The European Union's cohesion policy – funded with EUR 346 billion from the European Regional Development Fund (ERDF), the European Social Fund (ESF) and the Cohesion Fund - represents 35 % of the Union's budget over the period 2007-2013. Together with the co-financing provided by Member States, cohesion policy accounts for a very significant proportion of public investment in Europe.
As part of the essential economic policy package of macro-economic and fiscal stability, structural reforms and growth enhancing measures, EU cohesion policy is making a significant contribution to investments in employment and growth in Europe.
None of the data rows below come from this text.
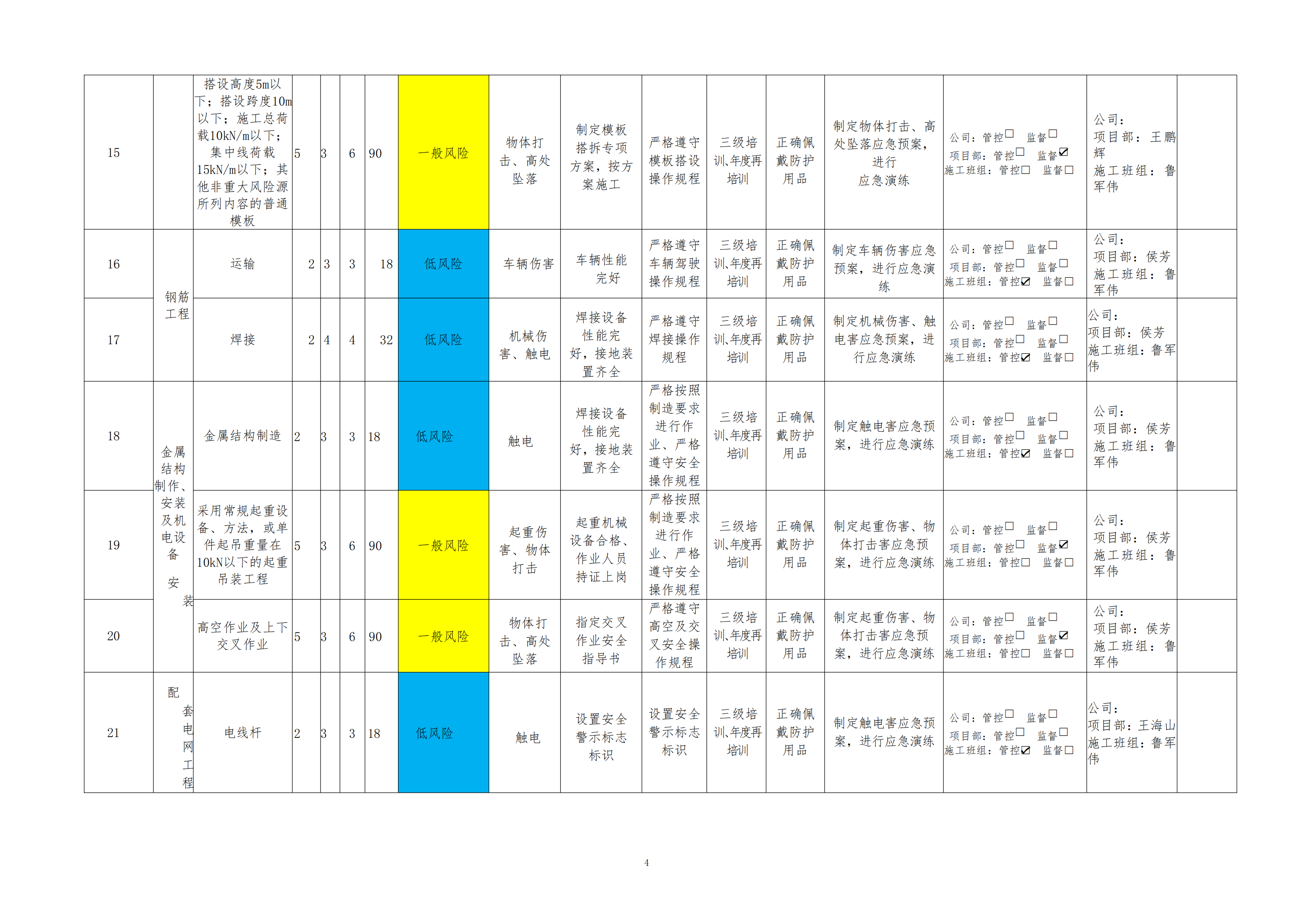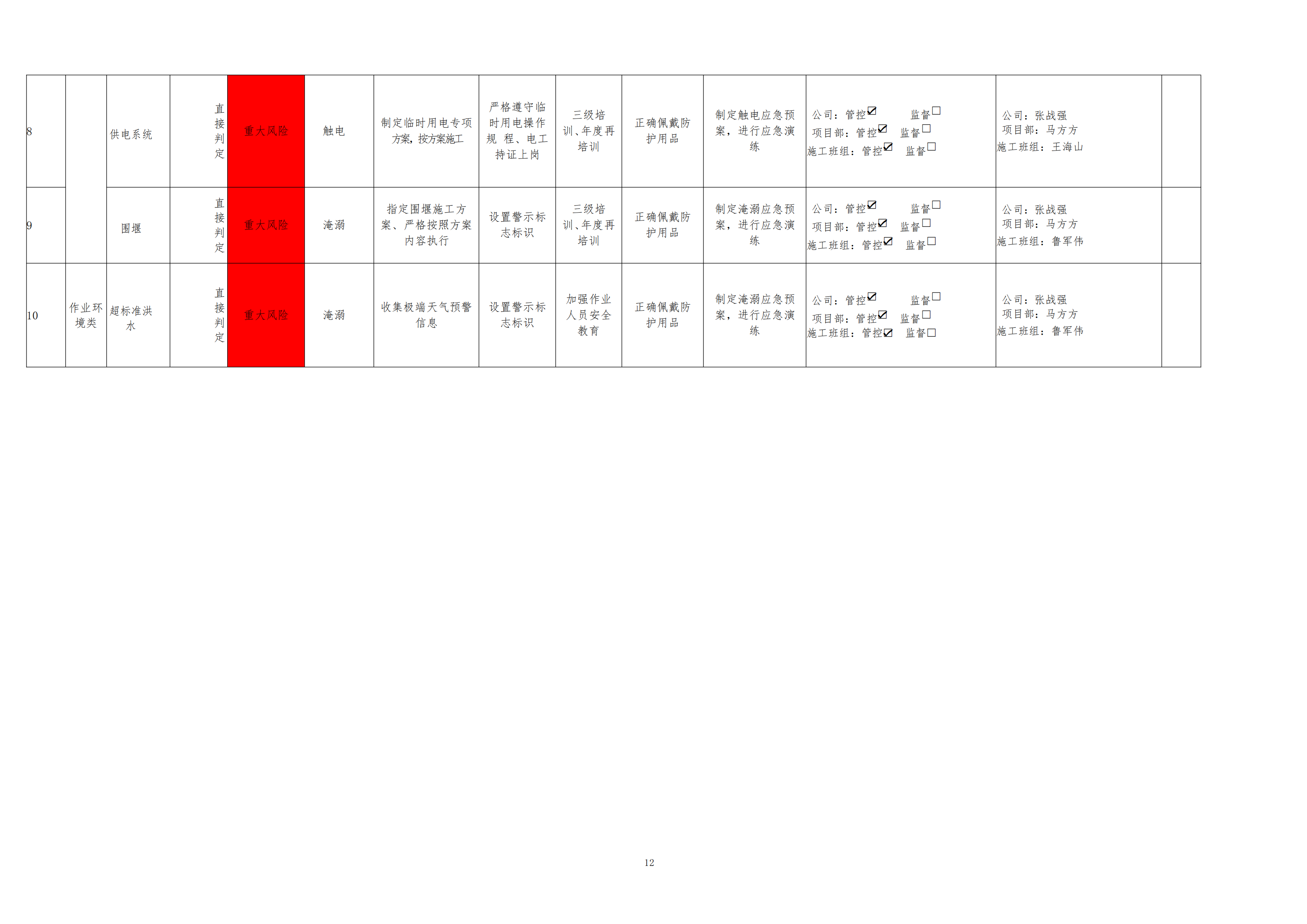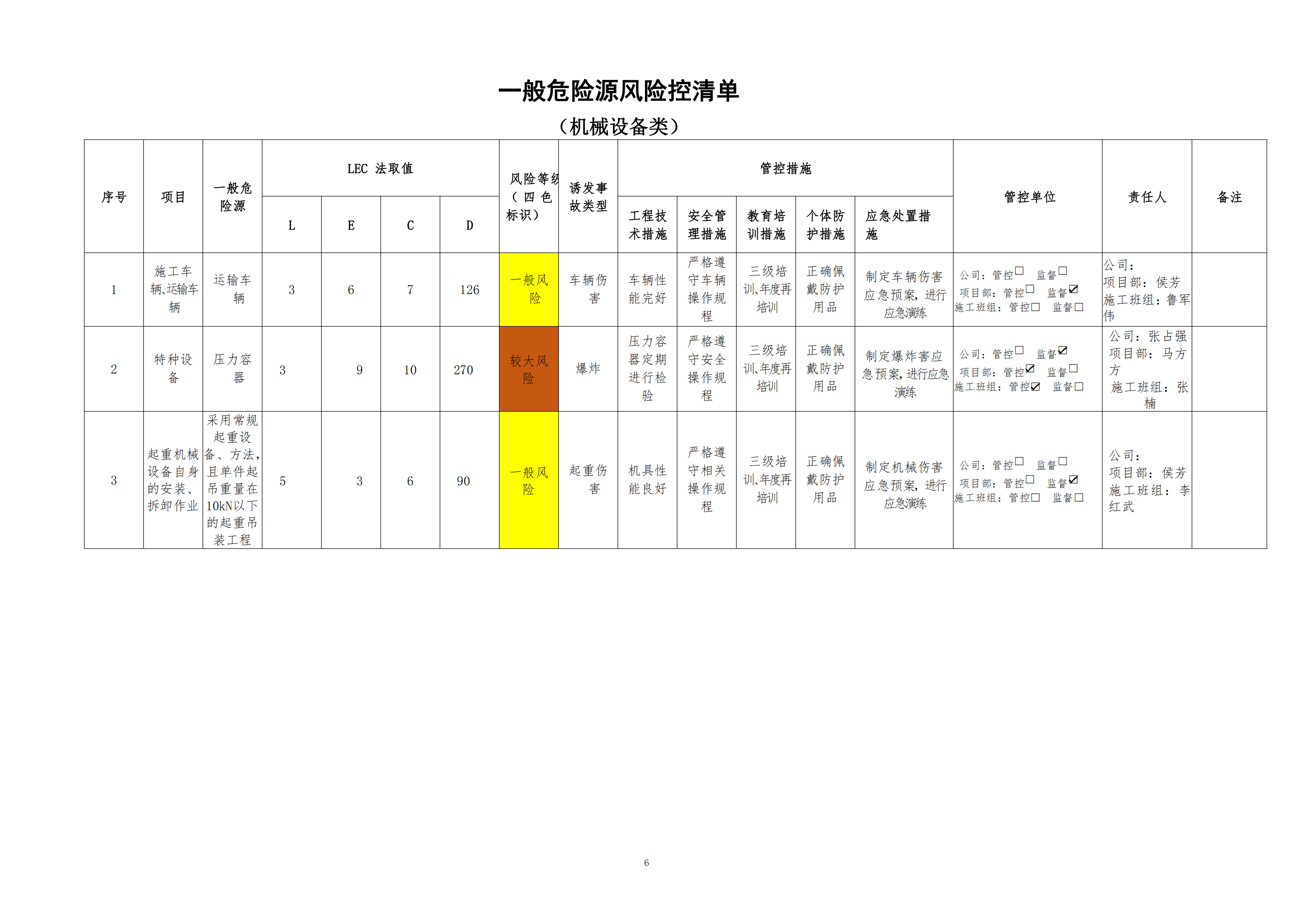欒川縣新建水庫一期工程施工一標段危險源風險分級管控清單(10月)
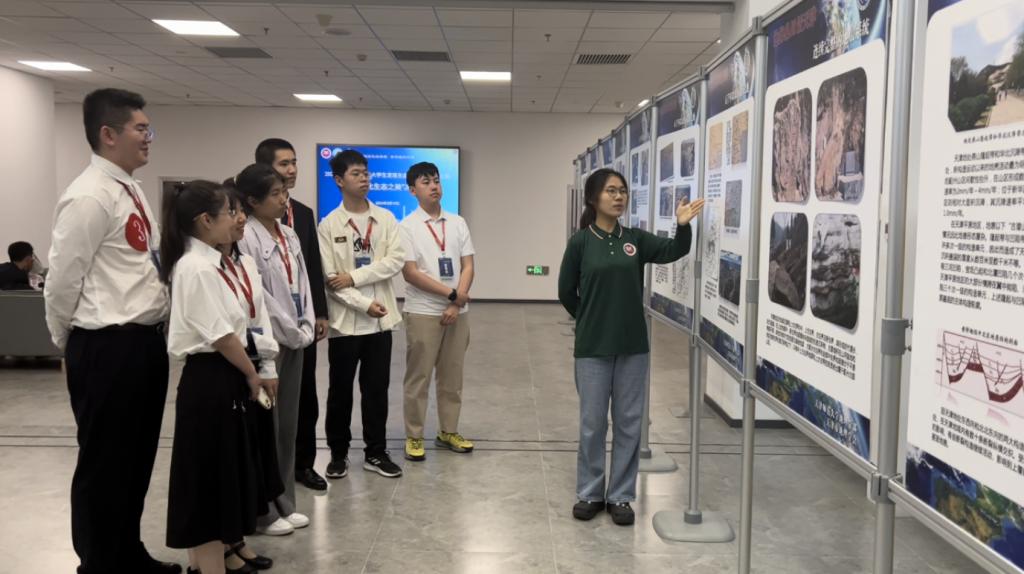 地理学部消息(通讯员 巴增胜)“原来我们脚下的土地有这么多故事啊,那些岩石和土壤都经过了亿万年的变迁,真是太神奇了。”“我也想成为一名地质学家,去探索更多的未知世界。”天津市第38届科技周来临之际,恰逢2024 绿创——京津冀大学生发现生态之美创新创意大赛“转化生态之美”决赛,5月19日,京津冀部分高校师生代表来到beat365中文版官方网站地理学部观看“沧海桑田话天津”科普展览,开展了一场别开生面的研学实践活动。在师大教师的讲解下,参加活动的学生们就其中的展板内容展开了热烈交流,现场互动频繁、气氛活跃。
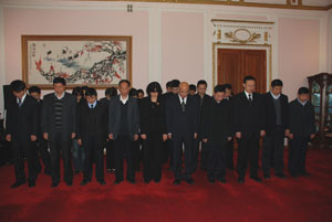 2010年4月21日,中國駐烏克蘭使館降半旗,向青海玉樹地震遇難者致哀。上午10時,使館全體館員神情肅穆,心情悲痛,為地震罹難同胞默哀3分鐘。

The policy is now delivering significant results. For the ESF, a high level of participation has been maintained since 2009: over 15 million participants annually. Among them, from 2007 to 2011, there were 12.5 million participants on specific actions to support access to employment. As a result, 2.4 million found a job within 6 months of completing the intervention, a significant achievement given the economic downturn.
SMEs, business support and innovation for growth are in particular key investment areas in all Member States supported by the Structural Funds, and notably the ERDF. SME and other enterprises benefit from both direct investments into business and from other contracts and services funded through EU cohesion policy.
The future programming period of 2014-2020 will strengthen the coherence of investment priorities with the priorities for structural reforms and the need to promote growth and jobs to make progress towards the Europe 2020 goals.